目标-使用给定的最大值和系数,在约束内求解线性方程式
问题-定义约束
代码:
import numpy as np
coefficients = np.array([
[0, 9, 6, 9, 4, 0 ],
[0, 9, 7, 7, 3, 2 ],
[0, 9, 5, 9, 3, 2 ],
[0, 11, 2, 6, 4, 5],
[0, 11, 1, 7, 2, 7],
[1, 10, 1, 5, 3, 8]
])
maxPoints = np.array([
[4239100],
[4204767],
[4170434],
[4136101],
[4101768],
[4067435]
])
x = np.linalg.solve(coefficients, maxPoints)
print(x)
输出
[[256694.51339286]
[213778.26339286]
[140820.63839286]
[123654.13839286]
[89321.13839286]
[80737.88839286]]
问题是我想应用约束使其成为
x[0] <= x[1] <= x[2] <= x[3] <= x[4] <= x[5]
另一个问题是,这目前只能解决这个较小的矩阵,我需要使用它来处理更大的矩阵,因为我的maxPoints是1列乘32行,系数是6列乘32行。
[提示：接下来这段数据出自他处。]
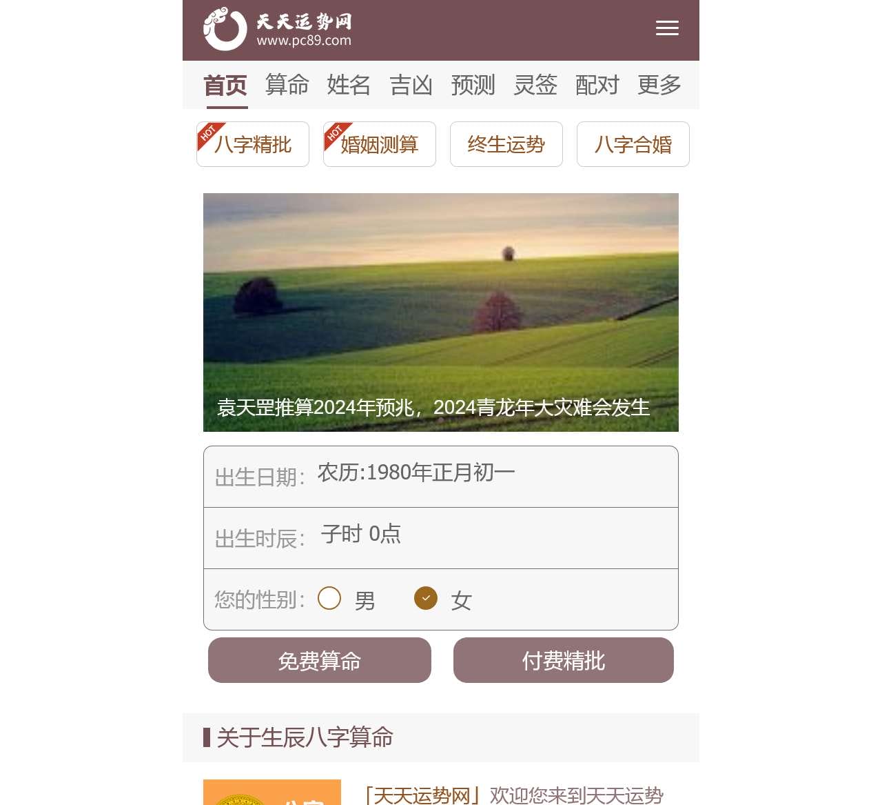 欢迎光临天天运势网!本站是网上算命的网站,提供免费算命、生辰八字算命、姓名测试、星座运势、周易八卦等最准的在线算命项目,提供大师亲算服务。

使用上面的linalg方法无法解决此问题。
出现错误消息:
Traceback (most recent call last):
File "Untitled-1.py", line 74, in <module>
X = np.linalg.solve(coefficients, maxPoints)
File "<__array_function__ internals>", line 6, in solve
File "/home/comfortablynumb/.local/lib/python3.7/site-packages/numpy/linalg/linalg.py", line 390, in solve
_assertNdSquareness(a)
File "/home/comfortablynumb/.local/lib/python3.7/site- packages/numpy/linalg/linalg.py", line 213, in _assertNdSquareness
raise LinAlgError('Last 2 dimensions of the array must be square')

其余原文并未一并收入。